HOW TO COMPLETE THIS TASK:
Here is the task for the records below: repeat exactly the lines from the one with "Стильная мужская вертикальная" to the one with "ImpressionsThe reception quality", both included, and nothing else.

INPUT MATERIAL:
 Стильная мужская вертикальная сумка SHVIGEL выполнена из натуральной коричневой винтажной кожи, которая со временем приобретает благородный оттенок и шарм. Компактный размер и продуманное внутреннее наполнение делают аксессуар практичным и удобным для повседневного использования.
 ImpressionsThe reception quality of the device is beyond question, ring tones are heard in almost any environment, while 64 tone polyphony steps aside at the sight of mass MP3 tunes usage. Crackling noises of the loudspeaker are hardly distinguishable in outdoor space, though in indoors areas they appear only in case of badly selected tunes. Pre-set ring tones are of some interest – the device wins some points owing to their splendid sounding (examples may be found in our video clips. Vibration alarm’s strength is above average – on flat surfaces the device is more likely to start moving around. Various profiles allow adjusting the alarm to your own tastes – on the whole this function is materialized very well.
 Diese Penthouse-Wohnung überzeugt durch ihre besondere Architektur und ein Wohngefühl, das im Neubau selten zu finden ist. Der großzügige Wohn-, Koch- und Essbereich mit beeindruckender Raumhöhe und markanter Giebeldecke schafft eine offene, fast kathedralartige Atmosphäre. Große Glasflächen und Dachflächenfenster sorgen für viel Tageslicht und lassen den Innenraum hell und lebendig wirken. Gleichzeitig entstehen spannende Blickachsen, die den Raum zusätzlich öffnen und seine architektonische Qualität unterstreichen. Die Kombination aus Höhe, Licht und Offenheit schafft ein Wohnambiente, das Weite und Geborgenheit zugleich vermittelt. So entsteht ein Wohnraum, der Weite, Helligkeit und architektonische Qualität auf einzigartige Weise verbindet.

--

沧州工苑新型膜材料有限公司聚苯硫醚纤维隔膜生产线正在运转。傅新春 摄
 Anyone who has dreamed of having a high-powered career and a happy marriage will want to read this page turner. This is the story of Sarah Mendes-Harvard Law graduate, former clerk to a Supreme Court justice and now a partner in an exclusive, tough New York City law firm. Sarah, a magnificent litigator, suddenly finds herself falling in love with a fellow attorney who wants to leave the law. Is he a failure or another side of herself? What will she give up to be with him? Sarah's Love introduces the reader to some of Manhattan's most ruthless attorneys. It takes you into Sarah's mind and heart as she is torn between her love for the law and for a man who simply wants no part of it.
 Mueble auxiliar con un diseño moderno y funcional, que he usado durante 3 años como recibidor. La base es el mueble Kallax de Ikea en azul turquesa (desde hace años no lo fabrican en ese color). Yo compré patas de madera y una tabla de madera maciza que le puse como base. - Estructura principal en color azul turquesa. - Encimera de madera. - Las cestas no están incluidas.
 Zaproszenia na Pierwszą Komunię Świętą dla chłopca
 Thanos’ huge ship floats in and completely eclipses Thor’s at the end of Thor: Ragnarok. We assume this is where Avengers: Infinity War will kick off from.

RESULT OF THIS EXERCISE:
 Стильная мужская вертикальная сумка SHVIGEL выполнена из натуральной коричневой винтажной кожи, которая со временем приобретает благородный оттенок и шарм. Компактный размер и продуманное внутреннее наполнение делают аксессуар практичным и удобным для повседневного использования.
 ImpressionsThe reception quality of the device is beyond question, ring tones are heard in almost any environment, while 64 tone polyphony steps aside at the sight of mass MP3 tunes usage. Crackling noises of the loudspeaker are hardly distinguishable in outdoor space, though in indoors areas they appear only in case of badly selected tunes. Pre-set ring tones are of some interest – the device wins some points owing to their splendid sounding (examples may be found in our video clips. Vibration alarm’s strength is above average – on flat surfaces the device is more likely to start moving around. Various profiles allow adjusting the alarm to your own tastes – on the whole this function is materialized very well.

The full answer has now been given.